The old man had grimaced. Fury, not pain.

‘You can’t do anything.’ Spat into the air between them. Nightlight on the bedside. Mouthwash. Wet wipes and balled tissues in a brown paper bag on the side of the locker. His father’s mouth, stained brown, the lips cracked. Sudden descents into snoring sleep. Sudden flurries of words. ‘You don’t bring Laura either. She brings herself, the bitch.’

It was taking the old man weeks to die. Everyone was weary of it, even the nurses. They bore his curses with indifference, just as they bore, or ignored, his groping shows of affection.

Matthew had been called at eight last night. ‘Would you like to come, Mr Aubrete? You might prefer it.’

Or he might not.

Still, he went, to watch his father. Watch the numbers on the faces of the machines slowly creep higher. Blood pressure, pulse.

‘He knows you’re here,’ the nurse had said tonight. ‘He rallies.’

Does he, he thought.

The last few days had been reduced to this empty landscape. Walks down the long corridors with a drink. Daily pacing along the same routes. So much of it at night now. Black coffee. Empty rooms, waiting for the day shift.

Beyond his father’s window, beyond the beech and the sibilant hushing sound of its leaves, beyond the hospital itself, stretched the yellow-on-black panorama of the town. Matthew would press his face to the cold glass. Small country town. Haphazard grid of light. Small landscape of fields stretching away behind the yellow string of illumination.

Matthew picked up the mobile phone from the seat now, and dialled Anna’s number. He heard the machine answer. Her terse voice. Yet, just as he hung up, he thought he heard the handset picked up. He hesitated, then decided against redialling. After all, what time was it? Two in the morning. No need to wake her. Not yet.

He switched on the ignition, put the Shogun into gear, and swung out.

He drove home on the lower road, and so never saw the police standing guard at Anna’s gate.

‘You can’t even tell us her name?’ the Chief Inspector asked.

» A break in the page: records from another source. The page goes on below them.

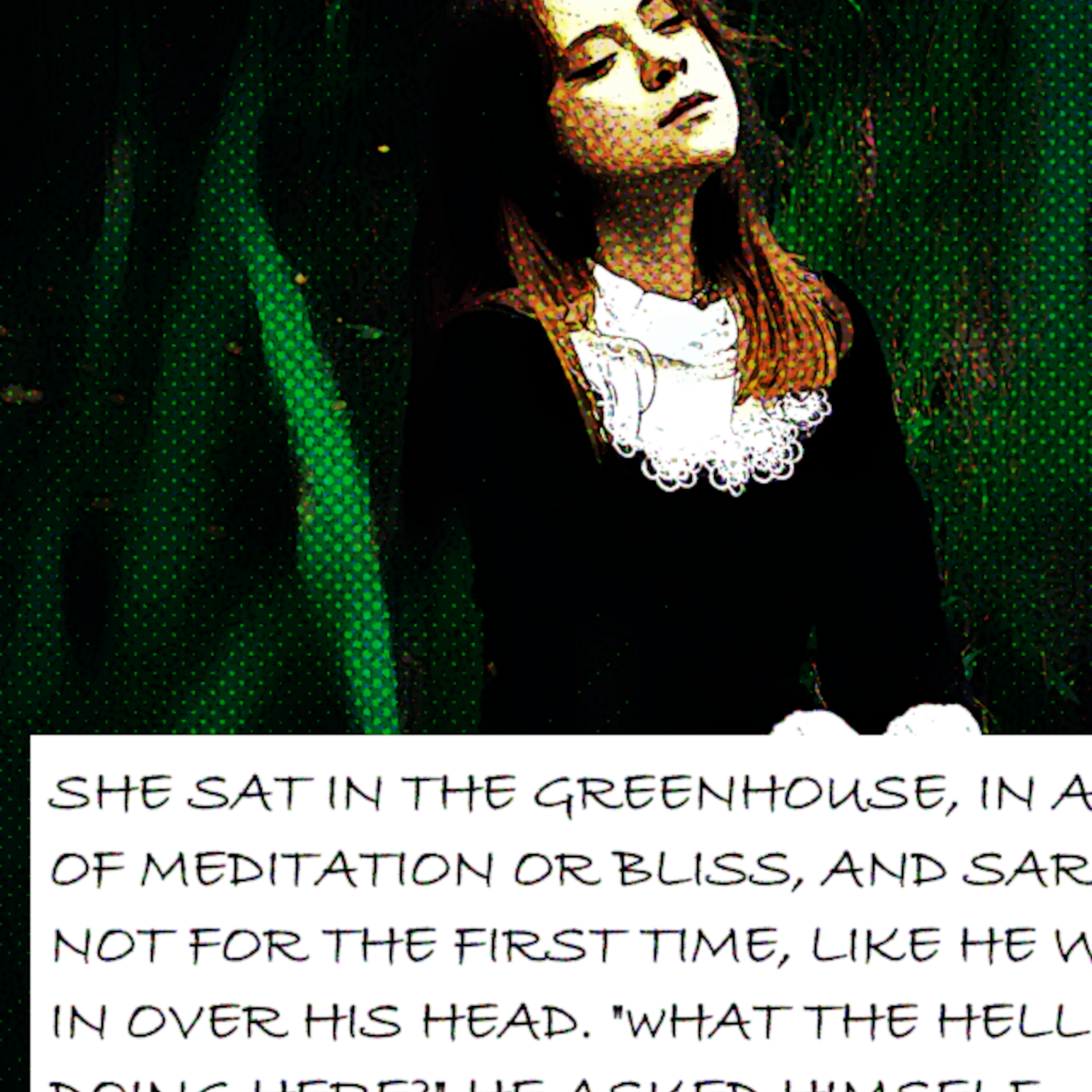 She sits in the green house in greenhouse, in a state of meditation or bliss. Sarge feels, not for the first time, like he is in over his head. "What the hell am I doing here?," he asks himself. Aloud.
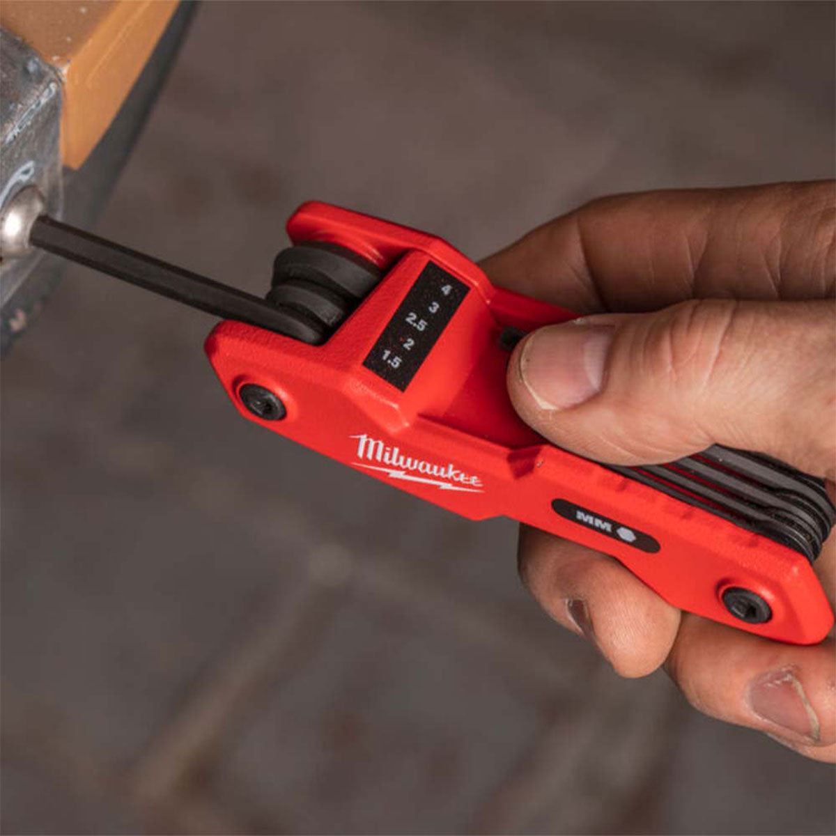 Milwaukee Metric Folding Hex Key Set 8 Piece is a set of hex keys that folds up for easy storage and portability. It includes eight different sized hex keys, ranging from 1.5mm to 8mm. The keys are made from chrome alloy steel for durability and have a black oxide finish for corrosion resistance. The set also includes a metal case to keep the keys organized.
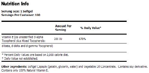 Vitamina E-200 IU D-Alpha Tcoferoli-100 capsule gel
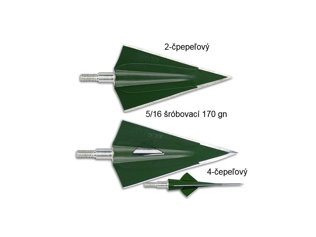 Lovecký ťažký šróbovací hrot zwickey delta na pevné uchytenie do vložky/insertu šípu určený na lov veľkej zveri vhodný do šípov na kuše. Ich výhodou je jednoduchosť a možnosť opätovného naostrenia po použití, je to tvrdý plech.
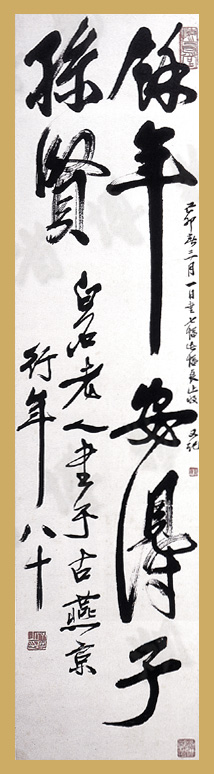 “余年安得子孙贤”,作于1939年,这是写第七幅同样内容的作品,送其后人“良止(芷)”收藏,是其晚年的行法佳作。 资料来自湖南省博物馆网站
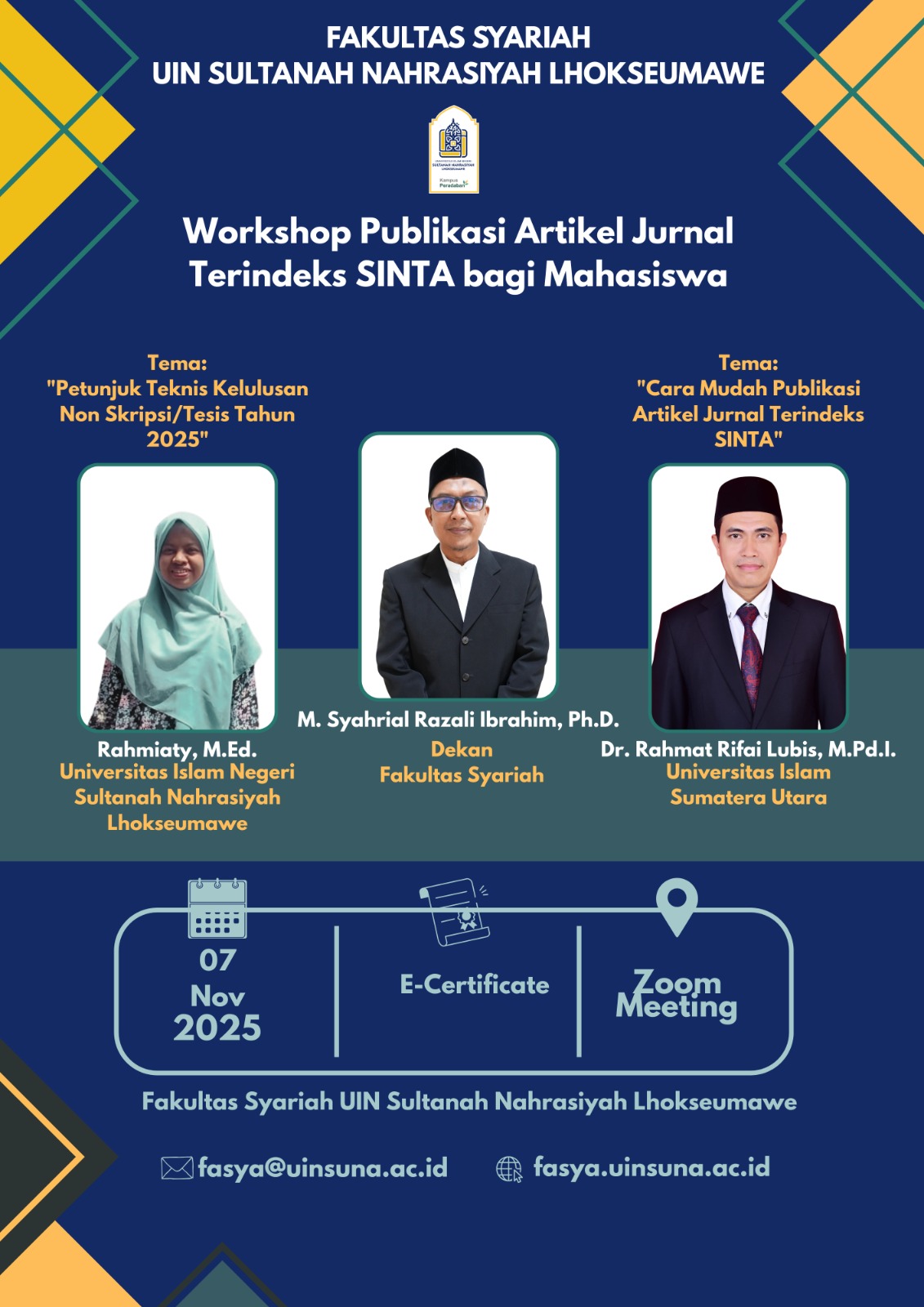 Lhokseumawe - Fakultas Syariah UIN Sultanah Nahrasiyah Lhokseumawe kembali menunjukkan komitmennya dalam peningkatan mutu akademik mahasiswa melalui kegiatan “Workshop Publikasi Artikel Jurnal Terindeks SINTA bagi Mahasiswa”, yang diselenggarakan pada 7 November 2025 secara daring (Zoom Meeting). Kegiatan ini menghadirkan dua narasumber kompeten yang memberikan pembekalan terkait kebijakan terbaru penyelesaian tugas akhir non skripsi dan strategi publikasi artikel ilmiah.
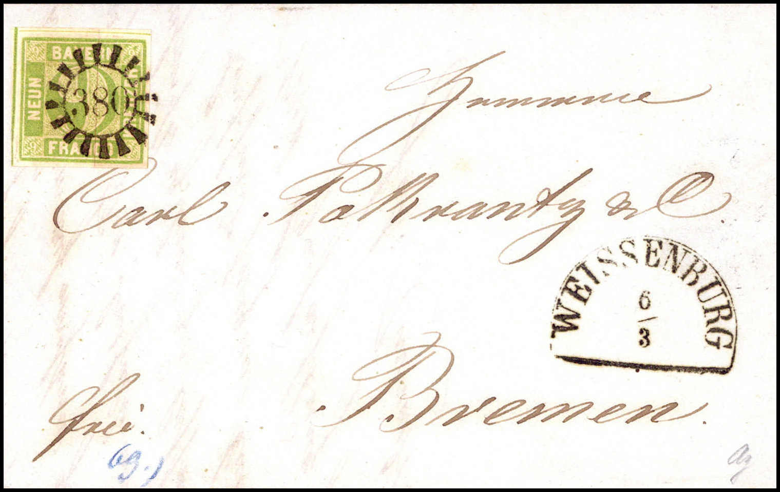 9 Kr., besonders schöner Luxusbrief mit idealem MR "380" WEISSENBURG
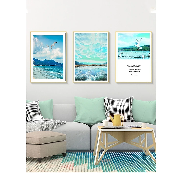 BỘ 3 TRANH TREO TƯỜNG PHÒNG ĂN, PHÒNG KHÁCH, TÔNG XANH BIỂN MÁT MẺ,THIÊN NHIÊN,, HIỆN ĐẠI, KÈM KHUNG MÀU GỖ SIÊU NHẸ, SANG TRỌNG, VÀ ĐINH TREO TRANH TIỆN LỢI PVP-DC325
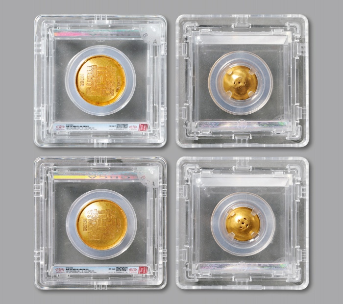 民国“禧”字纯金圆锭二枚一对,打“浙湖·万成·十足叶金”戳,重:14g,造型优美,金色纯正,寓意吉祥,少见,保存完好,公博 美82(35000276、35000277)
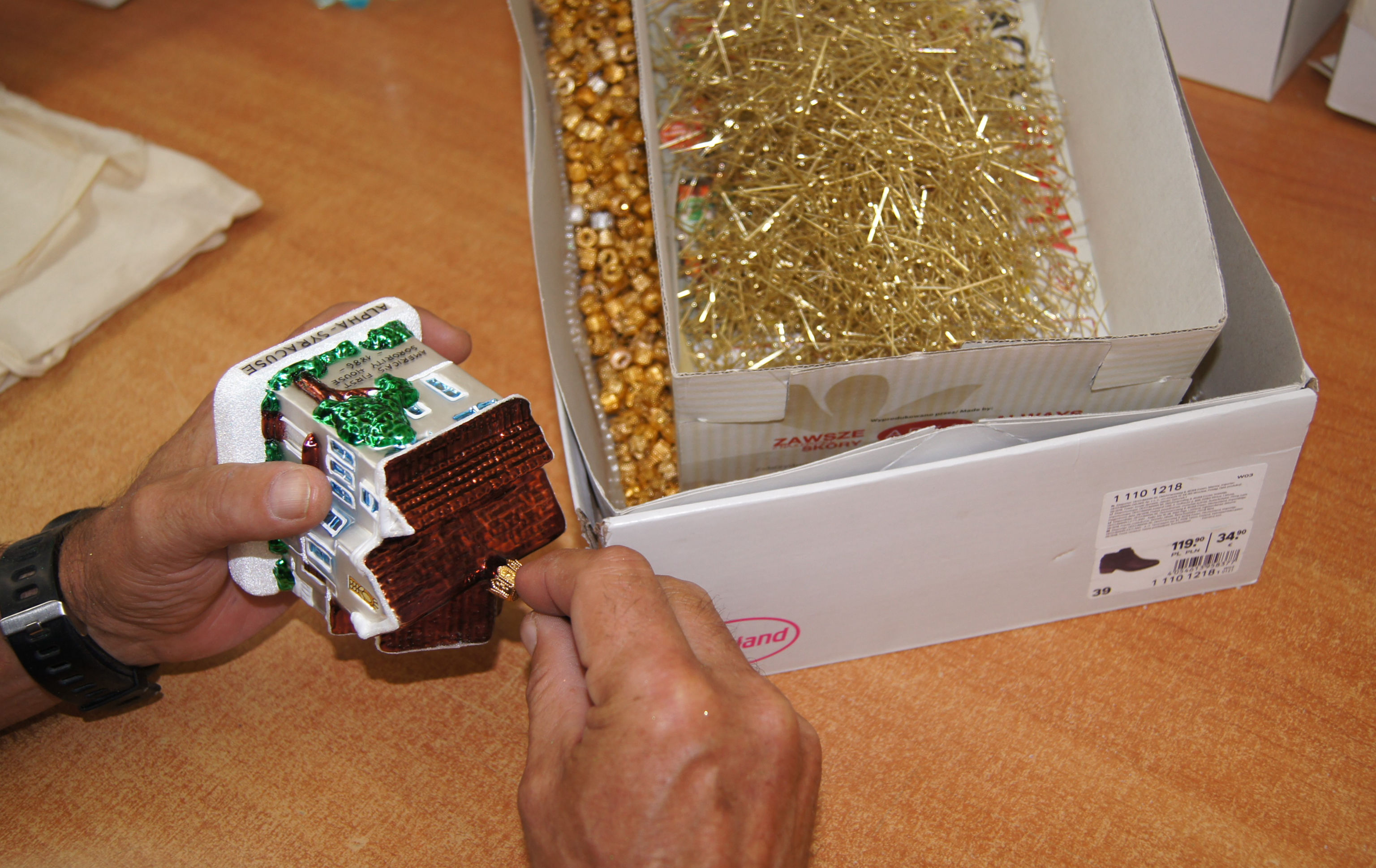 Once the paints and glitters have dried, the neck of the ornament is cut and cap, loop and medallion are attached.

Anna turned and looked at him.

It was five a.m., and just beginning to get light. Anna was standing at the fence, overlooking the field, down the long slope of the hill. The inlet of water just before the beach showed as a thin strip of white, the sea itself an iron blue. The rain had gone, the late spring storm blown out as quickly as it had come. The morning was surprisingly still, the blackthorn blossom blown about the field like wet confetti.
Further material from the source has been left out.